Finding new ways to invest can be tricky nowadays. With access to more options, most people can find it confusing to choose the best option.
Choosing between investments, property, stock or fixed interest can be tricky. Here are the advantages that come with each option:
Investing in property:
By investing in property, you are in more control. Consider that when you invest in a public or private company, you are a minority investor who puts his or her faith in management. By investing in real estate, you also get a tangible asset to own. Unlike stocks, investing in property is easier to analyse and quantify. There is also less visible utility.
Investing in stocks:
Investing in stocks gives you a higher rate of return. This option is also much more liquid. Unlike investing in property, your cash is easily accessible. If you don’t like a stock or need immediate cash, you can easily sell your stock holdings. There are lower transaction costs involved in investing in stocks too. Managing stocks is less work, unlike a property, where you have to maintain the property and make sure that rates are paid every month.
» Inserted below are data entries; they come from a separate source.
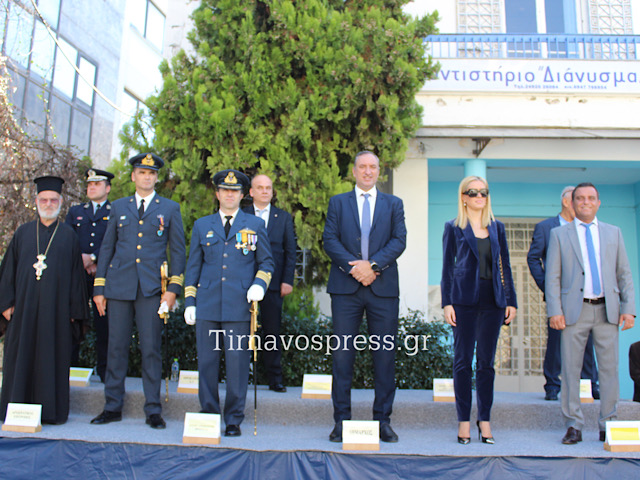 Στην εξέδρα των επισήμων, ο Δήμαρχος Τυρνάβου κ. Ιωάννης Κόκουρας, Εκπρόσωπος της Περιφέρειας Λάρισας Τάνια Δόκου, ο εκπρόσωπος του Αστυνομικού Τμήματος Τυρνάβου, ο Αντιδήμαρχος κ. Γεώργιος Σακούτσιος, οι εκπρόσωποι της εκπαίδευσης, ο Αρχιερατικός Επίτροπος πάτερ Γεώργιος και εκπρόσωπος των εφέδρων αξιωματικών του ΣΕΑΝ Λάρισας.
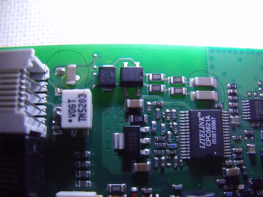 Hallo zusammen. Ich bin neu hier und habe natürlich gleich eine Frage. Warum sollte man auch sonst hier sein :-) Ich hoffe ihr könnt mir helfen. Ich habe ein FritzBox 7170 bei der nach einem Gewitter kein Sync mehr zusatnde kommt. Am Eingang für das Telefonkabel sind 2 Bauteile von denen eines offensichtlich "geplatzt" ist. Das andere sieht heil aus. Ich habe es ausgelötet und mal gemessen. Es hat keinen Durchgang. Leiter ist auf dem Bauteil absolut nichts aufgedruckt. Daher habe ich keine Ahnung was es ist. Kann ja nur eine Sicherung, ein Wiederstand oder eine Diode sein. die Frage ist nur was davon und mit welchen Werten? Gegen eine Sicherung spricht, dass das Teile etwas weiter in der Schaltung noch mal doppelt verbaut ist. So wie es dort aussieht sind die "Dinger" dort in Reihe mit 2 Bauteilen auf denen 1804 steht geschalten. Ich habe es auf dem Bild eingekreist. Wäre schön wenn mir jemand helfen kann. Danke Jan
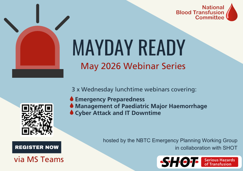 In May 2026, the NBTC's Emergency Planning working group (EPWG) in collaboration with Serious Hazards of Transfusion Haemovigilance Scheme (SHOT) are hosting a series of webinars.
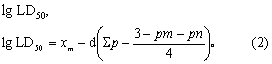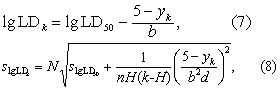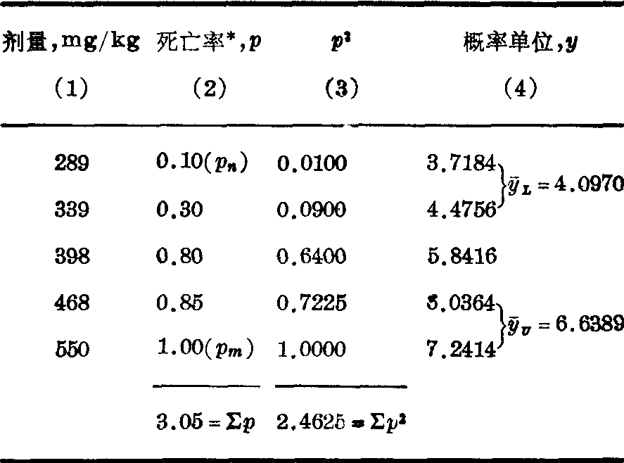 U为剂量较高的H组中各概率单位的均数, L为剂量较低的H组中各概率单位的均数。(3) 求LDk。按式(7)可求任何死亡率k%时的致死剂量对数lgLDk,按式(8)求其标准误slgLDk。
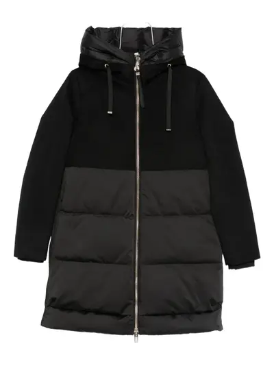 black two-way zip fastening drawstring hood long sleeves panelled design

Stocks give investors more variety. You can invest in different countries and you can also invest in various sectors.
An investor can purchase a stock, bond, commodity, real estate or another investment vehicle with the expectation of earning a positive financial return over time.
An investor can anticipate making a profit due to advanced research and prudent selection of an appropriate investment vehicle.
Fixed Interest investment:
Fixed interest investments offer investors a regular income for a specified term with the expectation that the principal will be repaid ate the end of the term (maturity date.)
This type of investment should form part of a diversified investment portfolio.
It’s important to do your research before choosing between investments, property, stock or fixed interest.